Saturday, October 24, 2015

The Scope and Intention of Marian Miracle Stories

More often than not, the texts we read in class – even if they are straightforward – tend to contain some assumption or detail within them that doesn’t seem to quite mesh with our expectations from the reading. Being sensitive to these jarring moments and asking questions about them is often a valuable mode of historical inquiry. I think it’s useful, then, that we address this question that comes up again and again, of why so many prayers to the Virgin Mary – rather than Christ –  and why so many miracle stories where these prayers are fulfilled? As we observed in class, there is more to these stories than meets the eye, and a look at the corpus of miracle stories as a whole gives us something to say about the particulars of Marian devotion that might explain why exactly the Virgin is in everyone’s prayers.

The Marian miracle stories are not just shallow fables, spread throughout Europe to amuse or frighten naïve rustics; beneath their simple exterior they contain a deeper devotional message. Clearly there should be something more: the stories were compiled by monks and theologians (and sometimes a king) precisely because the stories had some inherent worth to them as literary and spiritual works.
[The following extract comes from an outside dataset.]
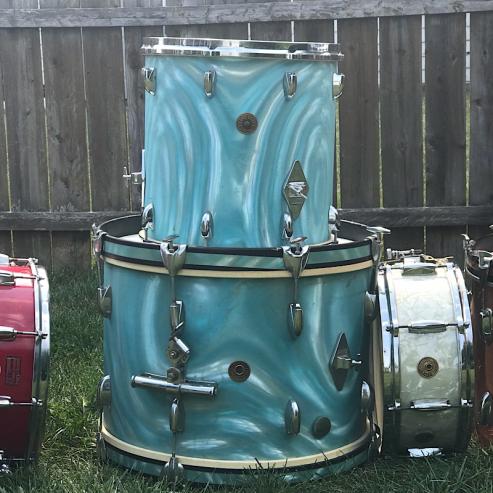 Up for sale is a Gretsch round all original floor tom in the rare 14’ size, and a 20’ bass both in the original aqua satin flame finish! These drums are 100% there and all original even still having the original batter and reso heads on both drums. Has the common scratches that are conducive with this finish but little to no fading and 0 cracking or spiderwebbing. Stickers are both on the interior of the drums and in excellent shape as is the original painted silver interior. Please reach out to me at 937-516-2952 via text with any interest or questions or feel free to reach out to me on here but be aware that’s going to be a little more challenging without receiving notifications with messages. Thanks happy Monday! Asking $2000 obo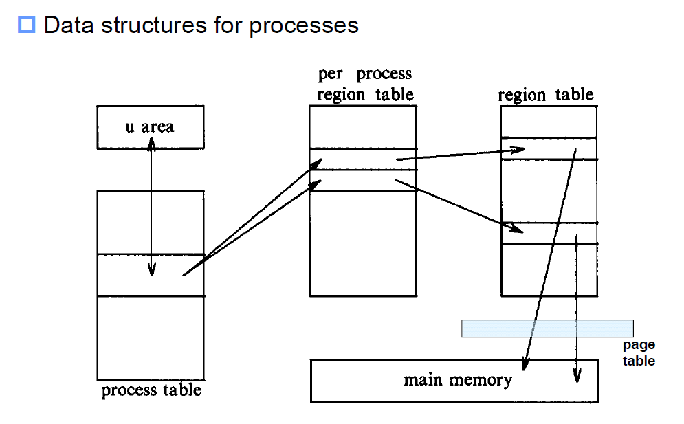 Process 관리를 위한 자료구조에 대해서도 알아본다. Process의 context 가 main memory에 들고, virtual memory system을 사용한다면 region이 조각날 수도 있다. 이 조각들 각각의 단위는 page라고 한다. 이 경우 page table을 사용하여 page 단위로 나누어 memory에 할당하고 관리하는데 이것의 역할은 virtual address를 real address로 변환해주기 위한 address mapping table 이다.

The many scribes through whom these works survive did not suffer countless cramped wrists and strained eyes just to waste their paper on a silly yarn devoid of spiritual value. Indeed, the Cistercian Caesarius of Heisterbach (ca. 1180-ca. 1240) wrote a huge collection of miracle stories – including some about the Virgin Mary – that were accompanied by dialogues discussing the theological value of the tales. I find it unlikely that someone would carry out this enterprise if the stories were originally irreverent and missing the theological worth that we now give to them.
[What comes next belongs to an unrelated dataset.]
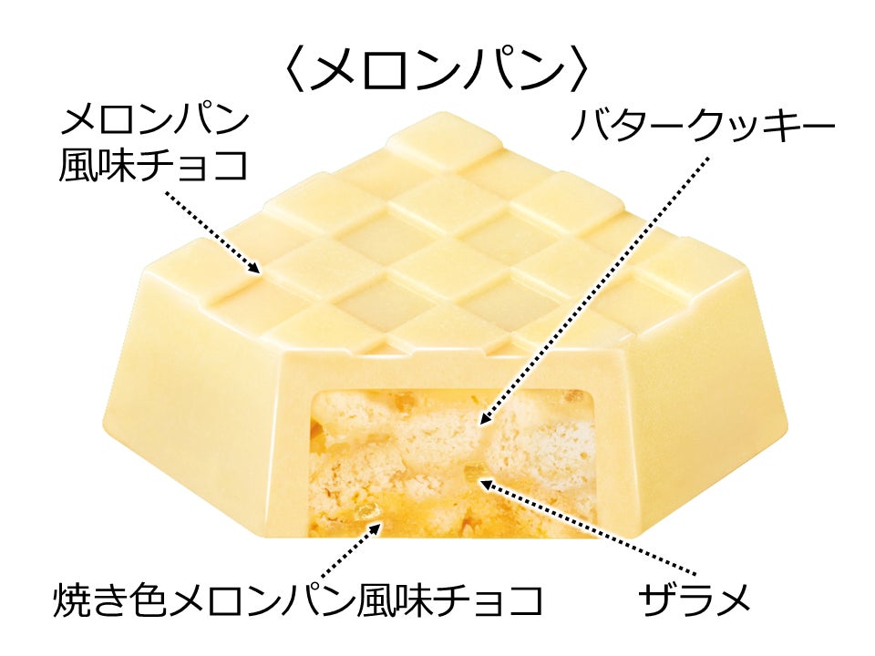 メロンパン風味チョコの中にバタークッキーとザラメを入れ、メロンパンのサクサク部分を再現しました。ボトムには、焼き色メロンパン風味チョコを使用し、パンの小麦感や焼かれた時の香ばしさを出しています。

This suggests that the body of miracle stories belies some greater truths about devotion to which everyone from the lowliest tumbler to the richest king was meant to adhere. At this point we run into my original question: why is it that Mary is such a universal addressee for intercession? In many miracle stories, one who is devoted to the Virgin is invariably given a second chance by Mary, who is able to stay the hand of justice even when the subject’s wrongdoing seems unpardonable by any reasonable standard. Murderers are given reprieves from hangings, the most theologically ignorant monks are granted benefices by virtue of their saying of the Hail Mary, and Christ Himself is apparently stymied by her when about to punish the sinner. Sometimes, the miracle stories hint at a hierarchical muddling. In all cases but one, in all the Marian miracle stories we have read, there is no question of Mary’s omnipotence and supremacy in all matters spiritual and worldly. However, there is a moment in Johannes Herolt’s Miracles of the Virgin Mary, story 62 (14 in the document), where the Virgin prostrates herself before the Host. And yet in other miracle stories, she is the one who has the authority and ability to mollify Christ when, in His anger, He decides to mete out punishment to some offender. In reading this story as well as other stories of Marian intercession, we might be forgiven for asking, “Who’s in charge here?”

The author of The Miracles of Our Lady of Rocamadour also addresses this tension; the purpose of the stories is to render praise to Christ and honor to Mary. In the preface to the third book of miracles, he writes

For given that the Creator of all has deigned to restore for the praise and glory of his name, should we…refuse to show obedience to the divine will and command? Without him we are nothing, and with him and in him we can achieve much. So why should we not attach ourselves to the tower of strength, the fount of wisdom, the plenitude of all good things?

The message of the passage is devotion to Christ, but in the miracle stories themselves, it’s not Christ who takes the role of “tower of strength” and “fount of wisdom”, but Mary!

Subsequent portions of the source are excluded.